I recently came across the book The New Players in Life Science Innovation by Tomasz Mroczkowski, in which he discusses the role of emerging economies in the global biosciences industry. Of course, in the topsy-turvy economic world we find ourselves in today, countries such as Brazil, China and India are taking leadership based, in part, on their growing economic strength.
How then would a small nation enter the biosciences industry as a novice? What would it need before it could start to develop its own indigenous biosciences industry? Is this even possible without the billions of dollars that is being spent by the aforementioned countries? Are there indeed minimal requirements necessary for the creation of a sustainable biosciences ecosystem, and, if so, what would they be?
If Mroczkowski had written his book 30 years ago, Singapore would have been given a whole section. In economic difficulties and with almost no bioscience infrastructure (although it had already started to make headway with textiles, fuel, and IT), Singapore was able to grow one of the most impressive bioscience ecosystems ever created, becoming a global industry leader with the highest per-capita gross domestic product in Asia outside Japan. The reasons for Singapore’s incredible success is the subject of heated debate, but two factors stand out – its proximity to large and growing markets (China, S. Korea, etc), and its early development of a government-backed bioscience ecosystem to support companies including services, manufactures and, critically, cash.
In large complex economies it is often easy to overlook the enormous advantages that are present simply as a factor of scale. Yes, some economies of scale are straightforward to understand, so it is obvious that the larger the internal market the easier and cheaper it is to reach, and therefore the better margins one can create.
However, as an entrepreneur within a small nation and part of a smaller internal market, the creation of a biosciences ecosystem from scratch is far from straightforward and forces the consideration of the different needs and attributes of bioscience companies.
Clearly, there are generic characteristics that apply to any ecosystem. The most important of these factors are simply “food”, “fuel”, and “space”. In economic terms and from the perspective of a dynamic, young ecosystem, which in my opinion still describes biosciences, then “food” describes a reliable supply of useable innovation; for “fuel” the ecosystem must have access to driving entrepreneurial energy deriving from innovative bioscientists as well as a constant supply of investment cash from biotech-savvy investors, and for “space” there needs to be a supportive environment, both political and economic, allowing embryonic ventures to grow and develop before being released into the economy.
However, these components of a nascent bioscience ecosystem on their own will only be able to maintain a self-limiting bioscience economy. To develop and sustain a high-growth, scalable, bioscience economy there must also be a reliable and economical route to global markets. This is a vital component that requires innovation in terms of business models and in terms of applying government assistance to reach external markets.
These six key factors are described in the simple diagram at the top of this post. In the proximity of these factors a new bioscience venture may at least be assured of a fair crack of the whip and will have a fighting chance, if their product is of sufficient quality and if there is a real need for whatever they are selling.
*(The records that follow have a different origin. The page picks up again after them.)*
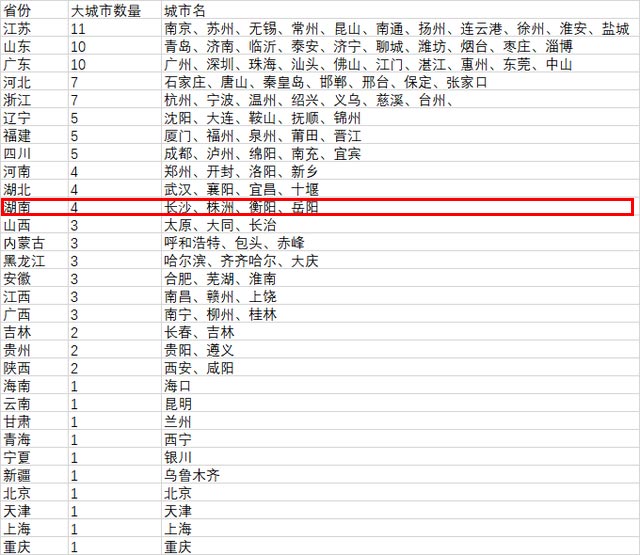分省份来看,第二经济大省江苏最多,达到11个,包括10个设区市和昆山这个县级市,其省会城市南京的城区人口达791.5万人,处于特大城市行列。
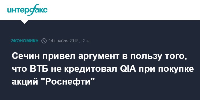 "Он (ВТБ - ИФ) не кредитовал QIA", - сказал Сечин журналистам в Сингапуре, отвечая на соответствующий вопрос телеканала "Дождь".
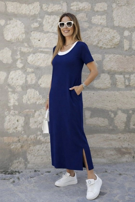 Kadın Kısa Kollu Içi Atlet Görünümlü Yandan Yırtmaçlı Uzun Viskon Elbise
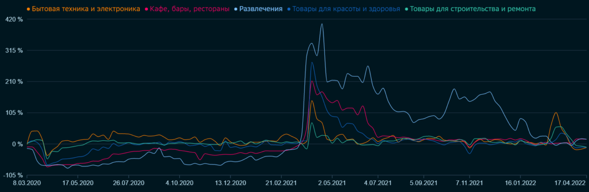 Объём расходов потребителей на товары и услуги относительно сопоставимой недели предшествующего года (%г/г), в т.ч. в разделе категорий.
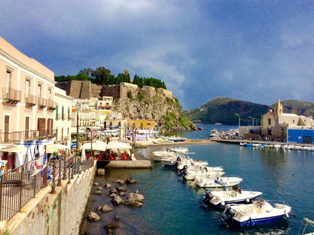 Deep fried mini-squid; steak with arugula and Parmesan; lasagna. Lipari port, Aeolian Islands
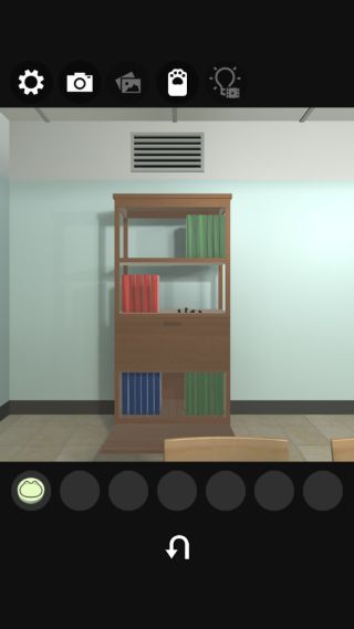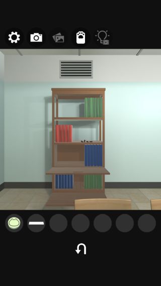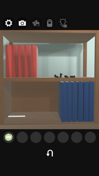 手前に戻って、本棚の3色の本の配置と色を確認。
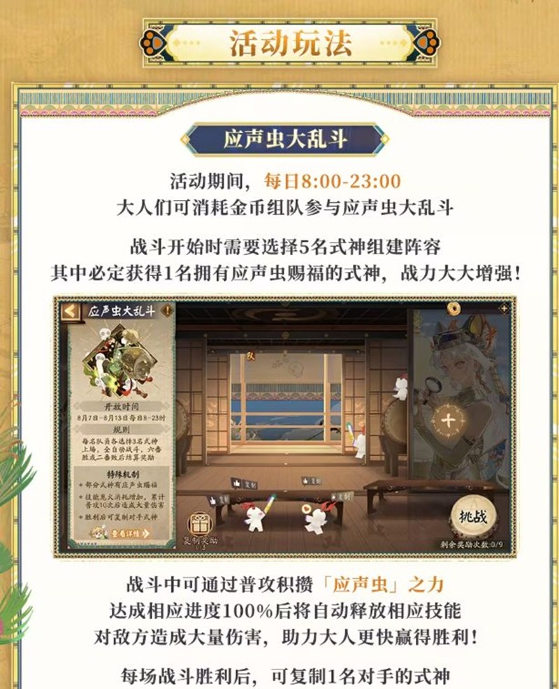 活动期间,每日8:00-23:00,玩家可以消耗金币组队参与应声虫大乱斗。战斗开始时,玩家需要选择5名式神组建阵容,其中必须包含1名拥有应声虫赐福的式神,以增强战斗力。
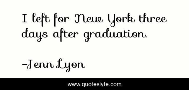 This page presents the quote "I left for New York three days after graduation.". Author of this quote is Jenn Lyon. This quote is about new, new york, three,.

It is in everybody’s interest if our bioscience revolution continues to expand into more and more parts of our lives, and becomes a standard component of the economies of all countries. If this is to occur, then even current peripheral markets such as the Caribbean with 42 million consumers, or the many growing economies in Africa will need to find ways to build these ecosystems from the bottom up.
There is no reason to suppose that entrepreneurial energy is any less available in these new entrant countries than in today’s industry leaders. Similarly, innovation is not simply a function of wealth and the size of the research base (although it is a very important advantage to have). So, assuming that the market’s appetite for bioscience products will continue to develop in these countries, as it will globally, the limiting factors may boil down to be political will, economic conditions, and access to start-up and development cash. All three can be influenced by government and all three can each be significantly affected by supportive fiscal policies and legislative structure.
Let us hope that as many of these smaller emerging countries as possible have a growing bioscience initiatives in their policies and have a clear view of what needs to be done to become the next Singapore.